Sefton Rani 'Blasting through the Makatea'. Courtesy of the artist and Scott Lawrie Gallery.
Photo Credit
Sefton Rani 'Blasting through the Makatea'. Courtesy of the artist and Scott Lawrie Gallery.
Photo Credit
In this enlightning short essay, Andrew Paul Wood explores Sefton Rani's work in his solo show, Industrial Plantations.
In the first chapter of his book Pacific Postmodern (2000), American poet and educator Rob Wilson, distinguishes between two postmodern movements in Pacific writing. The first is what he calls postcolonial "identity lyrics" which he likens to a kind of kitsch, under-theorized response to the touristic gaze. This might be more dismissively labelled the Frangipanni and Flipflop school - obsessively entrenched in a kind of nostalgic daydream simulacra.
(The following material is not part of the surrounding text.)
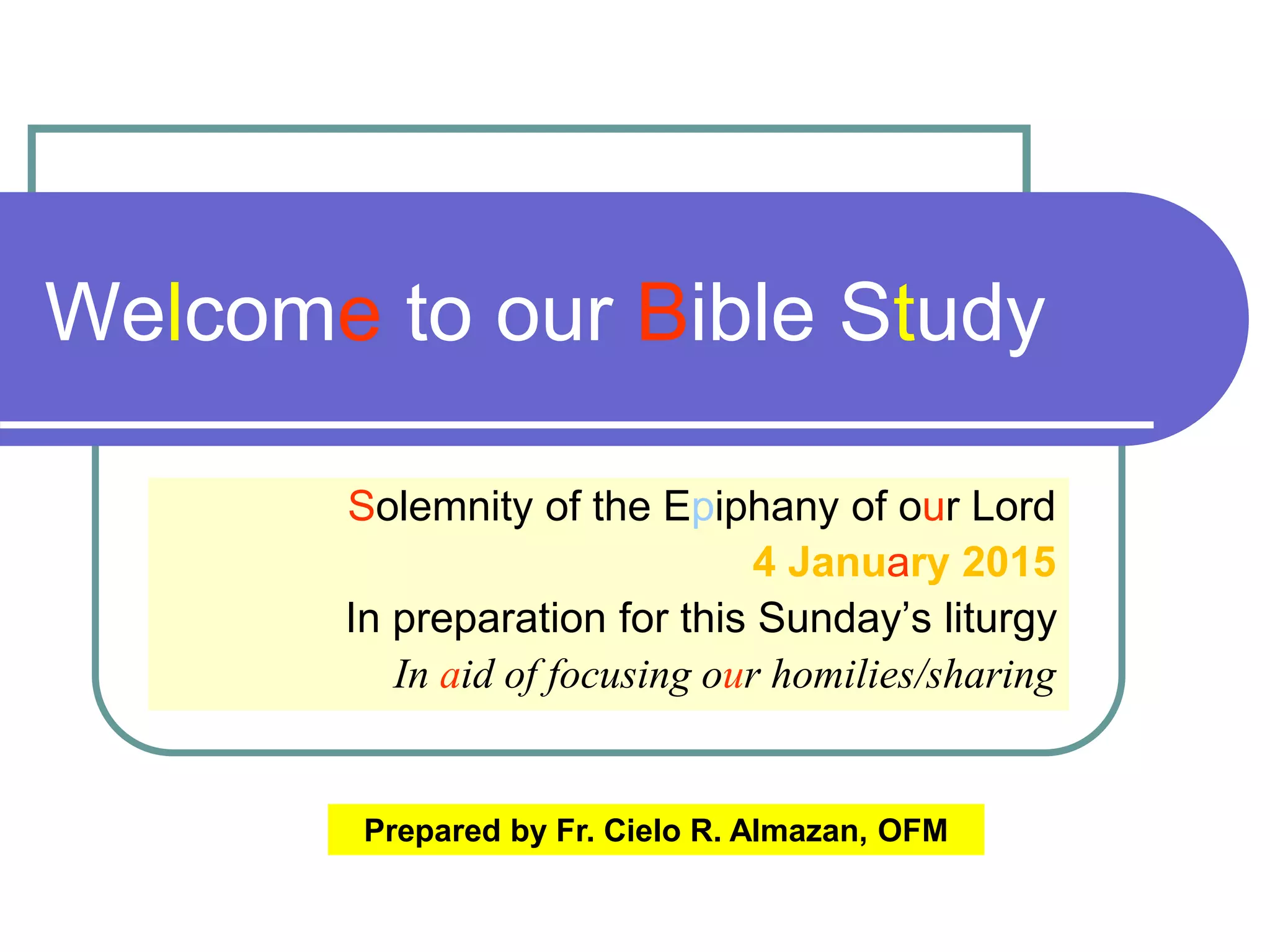 The document is a preparation for a Bible study on the Solemnity of the Epiphany, focusing on readings from Isaiah, Ephesians, and Matthew. It highlights themes of light, God's glory, and the universal call to salvation, emphasizing the joy and importance of recognizing Jesus as the light that guides all nations. Various reflections encourage a response to the light and the recognition of Jesus as the fulfillment of prophecies by the Magi.

The second category resists the touristic imposition through language-based experimentation where the Pacific is re-envisioned as a fluid, polysemous space for Deleuzian "lines of flight". Tongan-Fijian philosopher Epeli Hau'ofa in "Our Sea of Islands" (1993) likens the Pacific to a continent that binds diverse communities and identities together rather than being an ocean that divides them.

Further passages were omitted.